Real Estate

The real estate market, two years after shelter in place began

Some glimmer of hope for buyers — but not a lot. Photo: Hsansone17/Pixabay

A year ago I wrote in this column that it had been a little over 12 months since shelter in place protocols were initiated due to the coronavirus pandemic. I wrote, “At long last there truly seems to be some light at the end of this terrible Covid tunnel, as vaccinations are becoming more available and things seem to be opening up again.” 

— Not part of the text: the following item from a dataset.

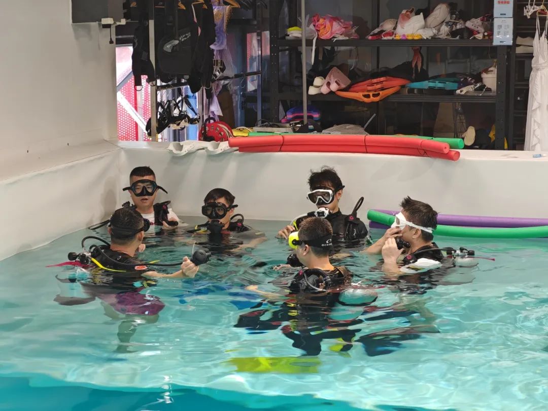 进入深水区救援基础技巧训练,水域安全训练官指导队员们进行中性浮力水下游动、无能见度证物巡回等动作练习,讲解了使用dpv水下推进器救援操作、紧急情况下交换呼吸器操作、水下装备穿戴互换以及有控制紧急上浮等技巧。

Well. Sure seemed like it at the time. That was of course before the omicron surge that afflicted us in December and January. Once again this spring, however, things are starting to look up, as long as you overlook the new Covid surges that have popped up recently in Asia and Europe. Sheesh. Will this thing never end?!


And then, unlike last year, this year we have had a war to contend with. What has taken place in Ukraine in recent weeks is absolutely horrifying — the stuff of nightmares. 

Add to that inflation, political turmoil, the drought, supply shortages, and any number of other thoroughly depressing crises, and it’s a wonder that anyone sleeps, let alone thinks about buying a house.

And yet, that’s exactly what’s been going on. San Francisco’s real estate market remains strong, and home sales are taking place unabated. 

“It continues to surprise us how resilient the San Francisco market is: the pandemic, the war in Ukraine, and a fluctuating stock market have not kept buyers away,” said Missy Wyant Smit, a top producing agent with Compass. ““Inventory remains comparatively low and buyer competition is hot again. For properties that are fully prepared for sale with cosmetic upgrades and staging we’re seeing multi-offer situations return. It feels like 2016 all over again in most segments of the market.”

Nevertheless, the website reported in mid-March that the number of homes on the market in San Francisco had ticked up to a 10-year seasonal high. According to the site, this was driven by a slowdown in the pace of sales and new contracts signed. Though this is certainly a departure from what many are experiencing in the city, it may offer a glimmer of hope for buyers.

Ted Andersen, with the San Francisco Business Times, recently wrote that Bay Area real estate markets, so far, remain largely insulated from the threat of rising interest rates, inflation, and market volatility based on the uncertainty surrounding Russia’s invasion of Ukraine. 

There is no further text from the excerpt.